国際社会の制裁が強化されるにつれて窮地に追い込まれた金正恩政権は、北朝鮮住民にさらに過酷な労働と上納金を強要している。言い換えれば、北朝鮮住民の苦痛と犠牲を制裁の影響を回避するための「逃げ道」にしているのである。この逃げ道を遮断しなければ、北朝鮮を完全にコントロールすることができず、核兵器・ミサイルの開発を諦めさせることもできない。
=====人権侵害の責任者に対する警告...ICCで国際法にのっとり処罰すべき
今回の北朝鮮人権制裁の対象に最高指導者である金正恩をはじめ、人権侵害に責任のある高官や北朝鮮で最も強力な権力を行使している中核機関を果敢に含ませたことは、「北朝鮮の体制が崩壊したら現在の人権蹂躙にかかわった犯罪者は地位を問わず国際法にのっとって処罰される」という強い警告を発したということに大きな意味がある。
金正恩の側近の未来に対する不安感を極限まで高めることで、最終的には北朝鮮体制の亀裂を誘導して内部からの変化を引き出す、それこそ南北平和統一の転機をもたらす画期的な措置だ。
米国務省のある高官は「北朝鮮の強制収容所の運用と脱北者の逮捕を担当する中間管理らもリストアップしてある」と述べ、今回の発表が始まりに過ぎないことを示し、人権制裁の波及力はさらに大きくなるものとみられる。

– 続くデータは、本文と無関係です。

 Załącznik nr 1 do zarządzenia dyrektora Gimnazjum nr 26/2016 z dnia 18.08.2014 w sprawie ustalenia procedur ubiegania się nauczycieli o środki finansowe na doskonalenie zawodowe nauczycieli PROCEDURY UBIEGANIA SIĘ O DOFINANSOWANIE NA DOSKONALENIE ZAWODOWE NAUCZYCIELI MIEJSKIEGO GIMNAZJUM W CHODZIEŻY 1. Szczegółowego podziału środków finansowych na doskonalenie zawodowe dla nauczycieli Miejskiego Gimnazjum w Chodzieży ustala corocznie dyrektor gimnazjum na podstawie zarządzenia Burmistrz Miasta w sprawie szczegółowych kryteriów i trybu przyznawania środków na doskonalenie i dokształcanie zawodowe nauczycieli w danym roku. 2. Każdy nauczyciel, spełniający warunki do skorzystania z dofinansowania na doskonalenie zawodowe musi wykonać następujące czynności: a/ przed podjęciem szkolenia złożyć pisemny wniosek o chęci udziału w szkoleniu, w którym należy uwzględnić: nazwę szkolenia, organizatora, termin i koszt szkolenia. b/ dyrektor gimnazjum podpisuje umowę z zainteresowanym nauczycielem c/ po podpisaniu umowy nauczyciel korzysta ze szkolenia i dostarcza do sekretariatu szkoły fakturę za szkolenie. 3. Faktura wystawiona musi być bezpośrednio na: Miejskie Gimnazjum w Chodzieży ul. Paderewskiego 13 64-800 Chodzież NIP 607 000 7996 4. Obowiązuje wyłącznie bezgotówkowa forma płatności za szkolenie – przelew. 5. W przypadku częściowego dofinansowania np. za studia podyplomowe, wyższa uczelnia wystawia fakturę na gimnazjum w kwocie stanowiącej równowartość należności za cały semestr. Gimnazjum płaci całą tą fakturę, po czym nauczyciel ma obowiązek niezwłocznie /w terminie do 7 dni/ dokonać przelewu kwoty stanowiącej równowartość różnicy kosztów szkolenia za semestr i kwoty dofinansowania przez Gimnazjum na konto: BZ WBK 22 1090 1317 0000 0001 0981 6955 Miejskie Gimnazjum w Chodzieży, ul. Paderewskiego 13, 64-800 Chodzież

今回の米国の人権制裁は「北朝鮮住民」に対する金正恩政権の人権蹂躙に焦点が当てられていたが、これをきっかけに他国民に対する人権侵害にまで対象範囲が拡大することを願う。なお、他の国も米国の制裁に足並みを揃えて、今後国連でも北朝鮮人権制裁が採択されることを期待する。ひいては、私は北朝鮮の人権犯罪が国際刑事裁判所(ICC)に提訴され、国際人道法の枠組みの中で議論されて裁かれるべきだと考える。
そして、北朝鮮住民にも金正恩はもちろん金正恩の側近など、北朝鮮の人権弾圧にかかわる加害者たちは国際法によって処罰することができるということを積極的に伝えなければならない。
1862年9月のリンカーン元米大統領の奴隷解放宣言と1865年の奴隷制度を撤廃する法令により、米国では奴隷制度がなくなり数百万の奴隷が自由の身になって人権を保障されるようになった。
奴隷解放は「自由の国」米国を成し遂げ、米国の平和と繁栄そして発展の土台になったと思う。今回の米国の北朝鮮人権問題に対する制裁措置が、北朝鮮で首領の奴隷として生きている北朝鮮住民を解放し、彼らに自由と人権を保障する礎になることを切に希望する。